A 28,2 kilómetros de aquí, justo en el corazón de la Plaza de las Arenas, Claudio Torres termina un plato de albóndigas sentado a la mesa de la dueña, con quien comenta las novedades del día. Ella le cuenta alguna anécdota divertida de tiempos pasados y él ríe y rebaña el plato con un pedazo de pan. Claudio Torres no había comido tan bien en su vida. Desde que trabaja aquí ha engordado un poco. Por no hablar de la suerte que ha tenido de caer en gracia a la propietaria, que a la segunda semana ya lo había nombrado encargado y que desde el primer momento lo favorece con su simpatía. Los días que está sola para almorzar o cenar, que son casi todos, le invita a su mesa. Ríen, se cuentan mil cosas. Lo que ocurre por las noches no lo sabemos, ni es necesario para que la historia avance, pero podemos imaginar la gran suerte que los dos encontrarían en brazos del otro, tal vez en un lugar mejor que éste. Un rato con ella sería como conocer a diez mujeres de golpe. Cada minuto con él, una razón para perdonarle agravios a la vida. Experiencia contra olvido. A partir de este momento, ambos serán el secreto inconfesable del otro.

Sería absurdo decir que Claudio Torres piensa ahora en Teresa Pujolà. Es obvio que no. Sin embargo, en su mala conciencia hay una mujer. Una mujer que llora cuando lo ve llegar y cuando lo deja ir. Tal vez llora también cuando no está, aunque él no lo sepa (pero lo piense). Le dice muchas veces que lo extraña, le pregunta qué hay en Barcelona que no pueda encontrar en casa, le recuerda una vez y otra que ella nunca podrá visitarlo porque está demasiado atada a la lechería y a la enfermedad de su marido. Le pone las cosas muy difíciles.

Hoy se anima y le cuenta su resquemor a la dueña, que lleva días preocupada porque lo ve triste. Quizás con una mujer más joven, más guapa, menos experta, no se habría atrevido.

—Mi madre me echa de menos y quiere que vuelva —le dice—. Yo no sé qué hacer, ni qué decirle.

Claudio Torres querría quedarse aquí, confundirse con el paisaje gris de esta ciudad que ama, llevar vida de barcelonés, comprarse un sombrero de paja para los domingos.
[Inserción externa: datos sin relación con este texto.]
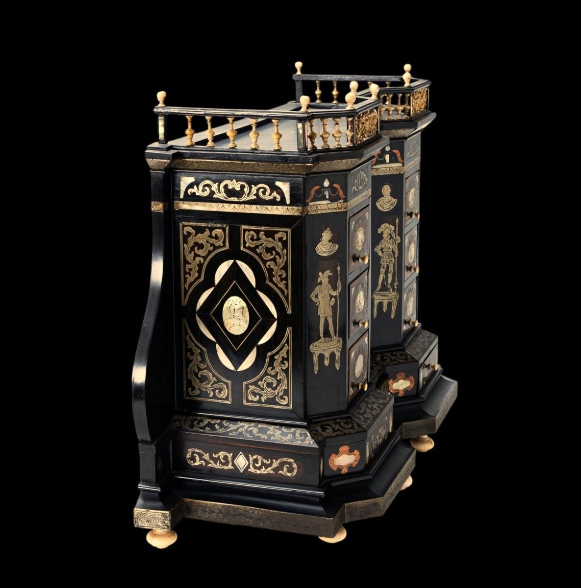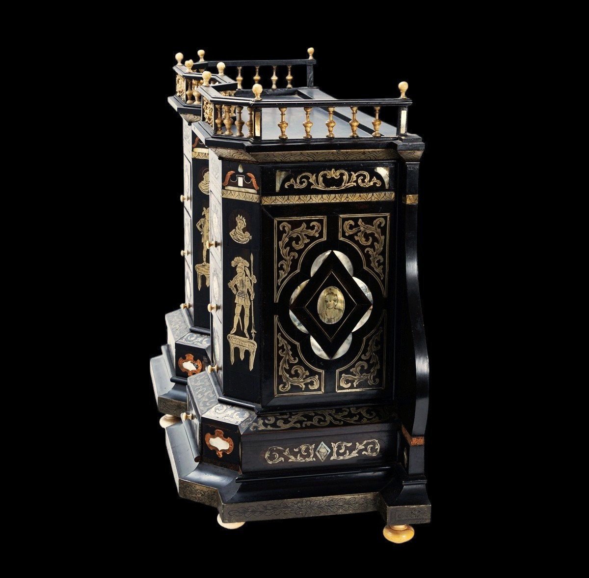 Ivory, wood, ebony and mother of pearl.

Le gustaría llegar a ser propietario de un café como La pansa, o hacerse representante de artistas o tendero de Hostafrancs, el barrio donde todo acaba y todo comienza.

La dueña le acaricia el pelo con ternura, como una segunda madre.

—Yo sé que volverás a casa —murmura, con voz de tristeza—. Y también sé que allí te espera alguien que hará que te olvides de mí.